» ACTIVITY
Copy exactly the lines of the material below that fall between the line with "ドリルを三つに増やしました。" and the line with "Автомобиль NISSAN TIIDA", both of those lines included; pictures stay out.
*** RECORDS SUPPLIED ***
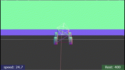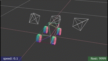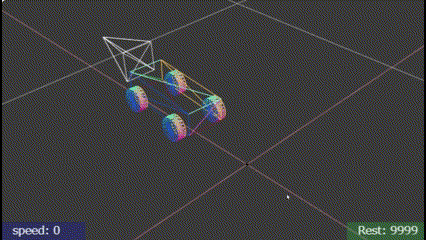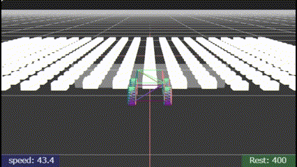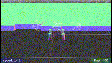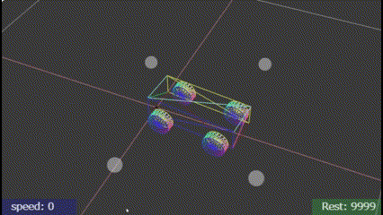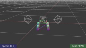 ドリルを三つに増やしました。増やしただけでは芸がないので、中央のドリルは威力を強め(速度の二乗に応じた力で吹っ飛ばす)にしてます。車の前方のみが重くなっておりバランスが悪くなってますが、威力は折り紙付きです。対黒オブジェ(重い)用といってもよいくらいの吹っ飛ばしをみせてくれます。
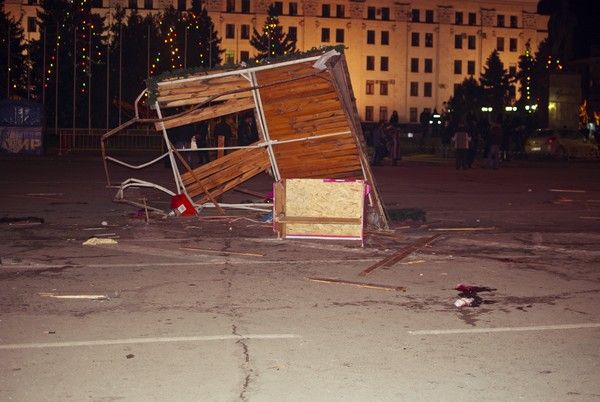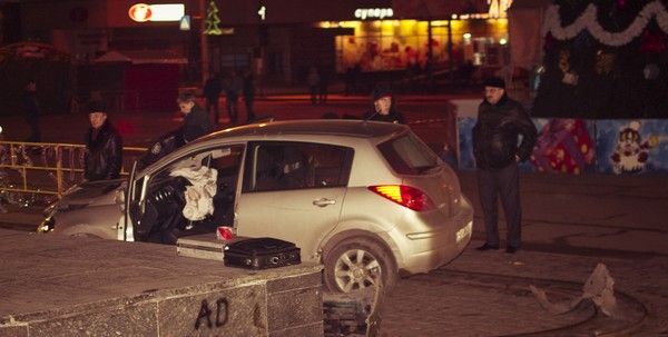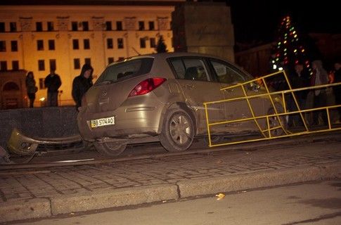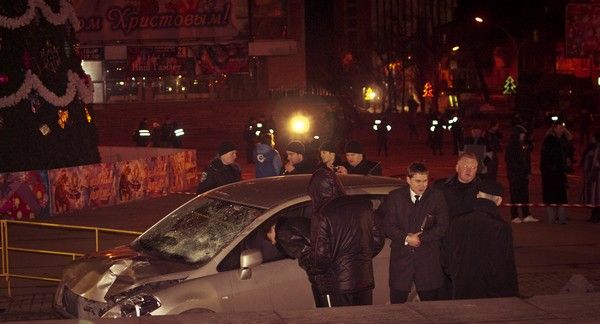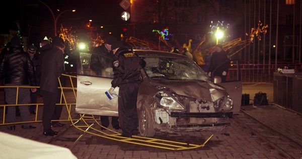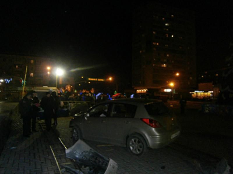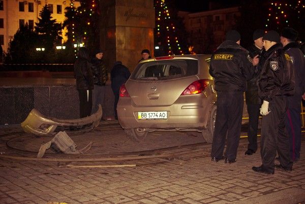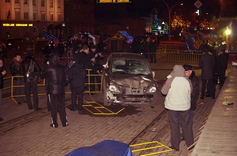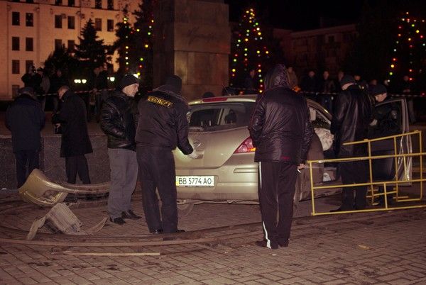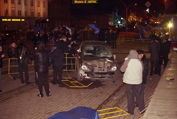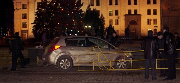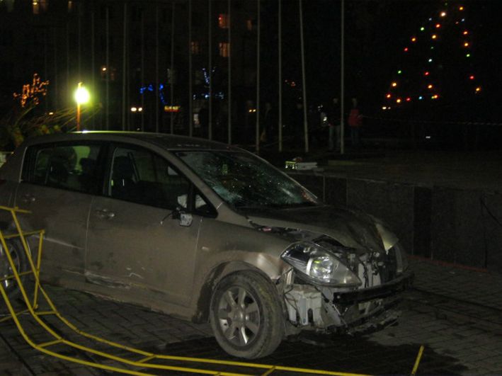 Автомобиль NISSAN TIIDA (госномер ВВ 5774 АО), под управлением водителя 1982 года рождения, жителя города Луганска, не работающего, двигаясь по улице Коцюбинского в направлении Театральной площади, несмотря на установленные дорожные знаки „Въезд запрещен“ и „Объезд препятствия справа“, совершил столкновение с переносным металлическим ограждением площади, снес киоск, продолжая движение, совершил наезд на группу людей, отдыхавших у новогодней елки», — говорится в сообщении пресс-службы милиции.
***
*** RECORDS SUPPLIED ***
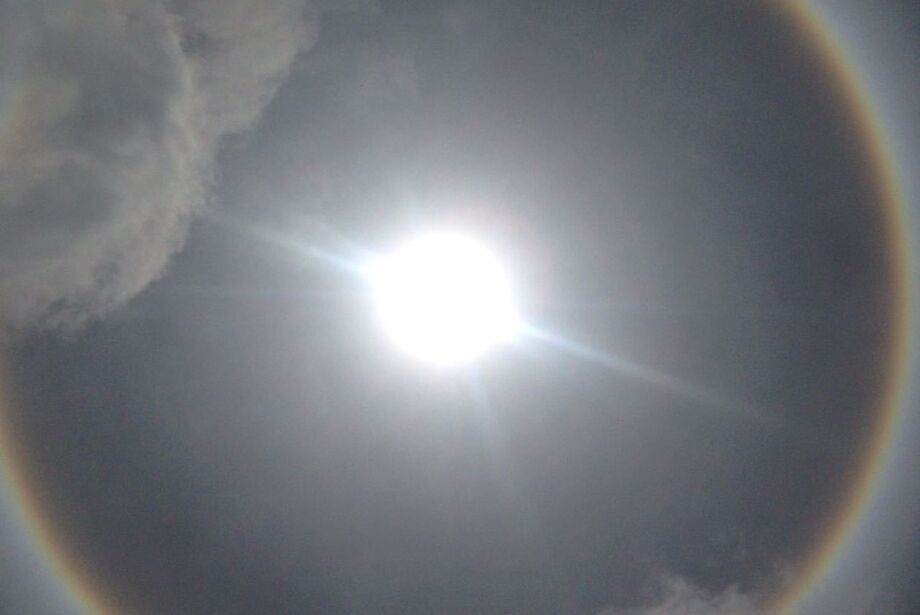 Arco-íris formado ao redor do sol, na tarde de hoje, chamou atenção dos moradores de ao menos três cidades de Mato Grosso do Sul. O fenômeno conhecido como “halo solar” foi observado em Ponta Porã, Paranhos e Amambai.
***
» RESULT BELOW
 ドリルを三つに増やしました。増やしただけでは芸がないので、中央のドリルは威力を強め(速度の二乗に応じた力で吹っ飛ばす)にしてます。車の前方のみが重くなっておりバランスが悪くなってますが、威力は折り紙付きです。対黒オブジェ(重い)用といってもよいくらいの吹っ飛ばしをみせてくれます。
 Автомобиль NISSAN TIIDA (госномер ВВ 5774 АО), под управлением водителя 1982 года рождения, жителя города Луганска, не работающего, двигаясь по улице Коцюбинского в направлении Театральной площади, несмотря на установленные дорожные знаки „Въезд запрещен“ и „Объезд препятствия справа“, совершил столкновение с переносным металлическим ограждением площади, снес киоск, продолжая движение, совершил наезд на группу людей, отдыхавших у новогодней елки», — говорится в сообщении пресс-службы милиции.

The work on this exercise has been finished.